The Timber Troubles of PotlatchDeltic (PCH)

PotlatchDeltic (NASDAQ:PCH) falls into the category of timber REITs, boasting ownership of 2.2 million acres of timberlands across seven U.S. states alongside sawmill operations under taxable REIT subsidiaries. Despite this expansive portfolio, PCH stock has taken a hit, plummeting around 29% in the past year due to declining lumber demand.
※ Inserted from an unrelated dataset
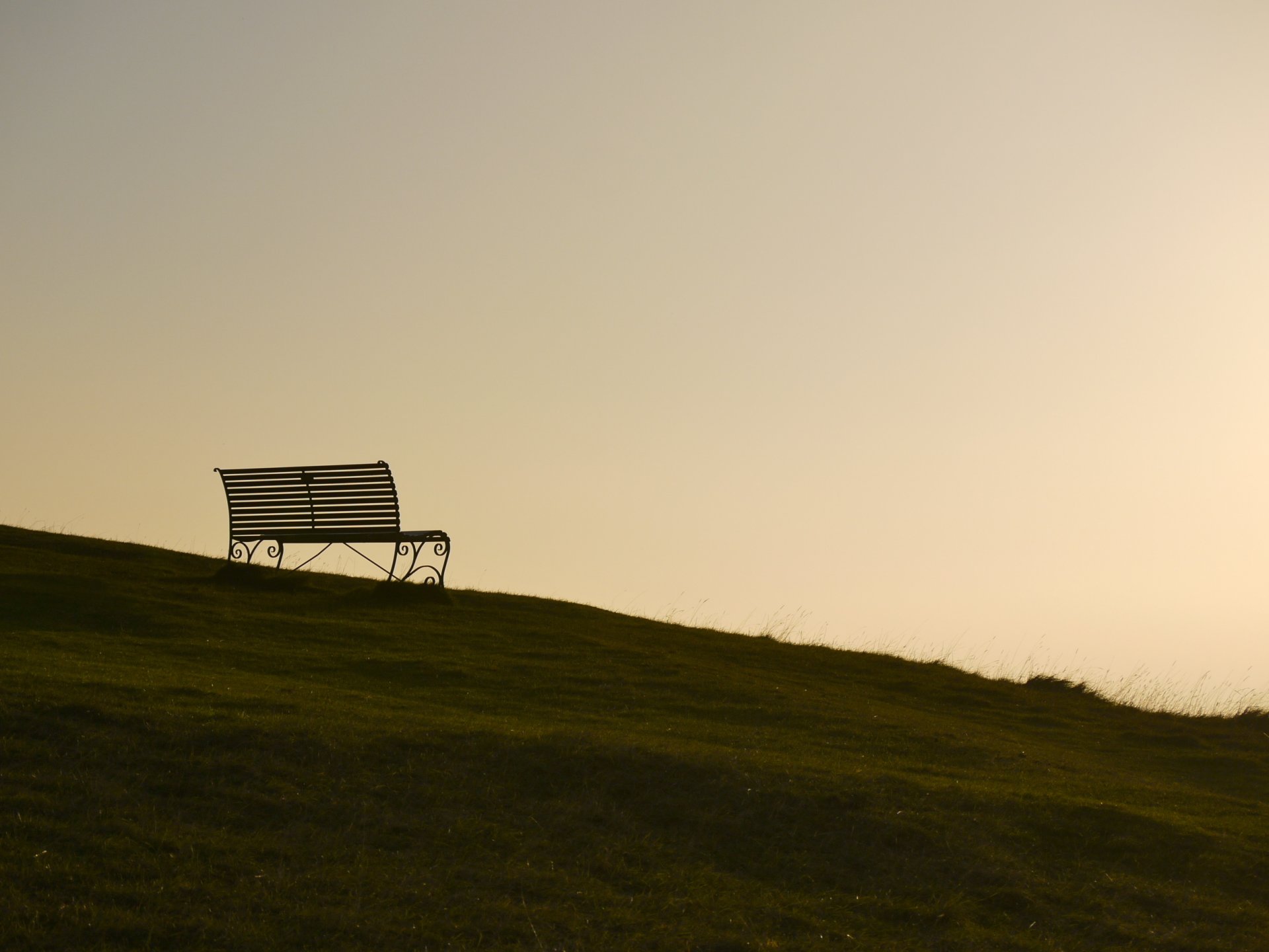 Dessin animé d'un gars et une fille assise sur un banc en face d'un ciel étoilé

The recent shift from profitability to a break-even scenario aligns with the broader challenge of adverse interest rates.






Real Estate Investment Trusts in Flux Amid Market Turbulence

The Ebb and Flow of Real Estate Investment Trusts Amid Market Volatility

Peakstone Realty Trust (PKST): A Closer Look

As the unpredictable tides of the market sway, real estate investment trusts find themselves in precarious positions. Peakstone Realty Trust (NYSE:PKST) stands as a testament to this instability. Boasting an array of industrial and office properties, the REIT prides itself on quality and safety. However, a deeper dive reveals a tale of caution.

While Peakstone’s creditworthy tenant base and long-term lease agreements with built-in escalations may paint a rosy picture, the shadows of its non-core portfolio lurk nearby. Representing 13% of the total annual base rent, these assets could plunge the trust into turbulent waters if disposal leads to realized losses. Investors eyeing PKST’s substantial 8.72% yield need to tread carefully, for the storm of asset disposal losses may outweigh the allure of high payouts. Given these factors, prudence dictates regarding PKST as one of the REITs better off unloaded.

Service Properties Trust (SVC): A Deepening Predicament

Meanwhile, as investors tiptoe through the minefield of real estate investment trusts, Service Properties Trust (NASDAQ:SVC) finds itself ensnared in a dwindling predicament. Specializing in hotels and net-lease retail properties, SVC, like a vessel guided by an external hand, struggles in choppy waters.

Trapped in the shadow of the “RMR discount,” with shares echoing a 25% discount to book value, SVC reels under the weight of dwindling fiscal performance. The pandemic’s unrelenting grasp has caused a 43% plunge in funds from operations, signaling stormy weather ahead. Despite a tempting 15.81% forward dividend yield and a low FFO multiple, daring to catch the falling knife of SVC’s shares may prove to be a perilous endeavor.